Tu mi hai chiamato e il tuo grido ha vinto la mia sordità;
hai brillato, e la tua luce ha vinto la mia cecità;
hai diffuso il tuo profumo, e io l’ho respirato, e ora anelo a te;
ti ho gustato, e ora ho fame e sete di te; mi hai toccato,
e ora ardo dal desiderio della tua pace
».

Una buona notizia: il Signore ci attira a sé, prepara il nostro cuore ad accogliere l’annuncio della parola di salvezza.

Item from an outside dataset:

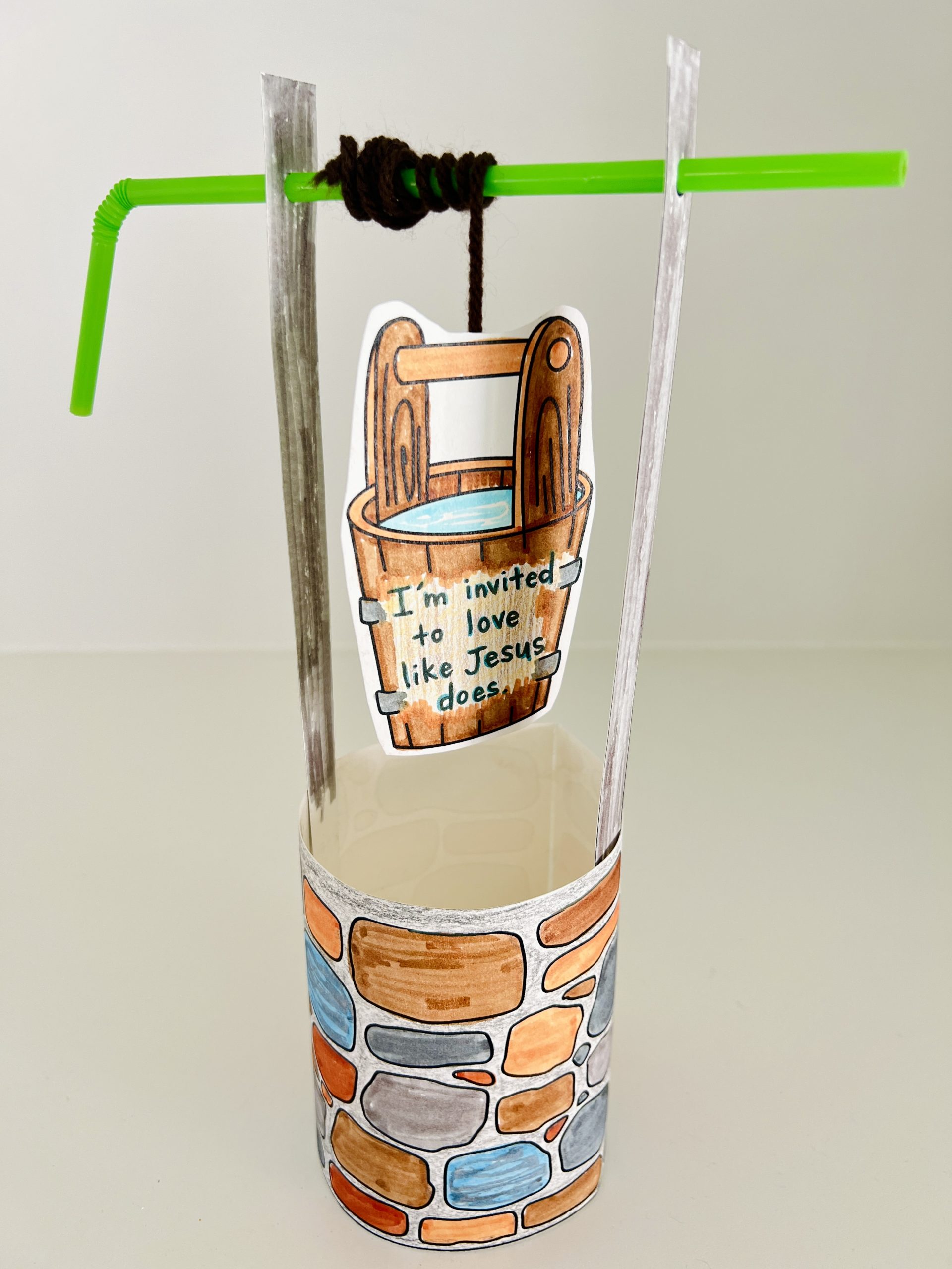 Weekly Challenge Instructions: To reinforce this lesson; Click Here to download the handout, then give your child a bendy straw, yarn, hole punchers, scissors, and tape. Cut out and assemble the pieces of the well and pail. Have them write a loving act they can do this week on the blank space of the pail. They can also write the Good to Know. Attach yarn to the back of the pail and attach the other end to the straw. Wind the bendy part of the straw to pull the pail up. See a worked example here.

Chi avesse la disponibilità del tempo potrebbe utilmente leggere questo articolo scritto nel novembre 2019 come commento al testo che oggi è presentato come prima lettura: Un annuncio che non teme la diversità

Per pregare: dal Salmo 65
Popoli, benedite il nostro Dio,
fate risuonare la voce della sua lode;
è lui che ci mantiene fra i viventi
e non ha lasciato vacillare i nostri piedi.

Venite, ascoltate, voi tutti che temete Dio,
e narrerò quanto per me ha fatto.
A lui gridai con la mia bocca,
lo esaltai con la mia lingua.

Sia benedetto Dio,
che non ha respinto la mia preghiera,
non mi ha negato la sua misericordia.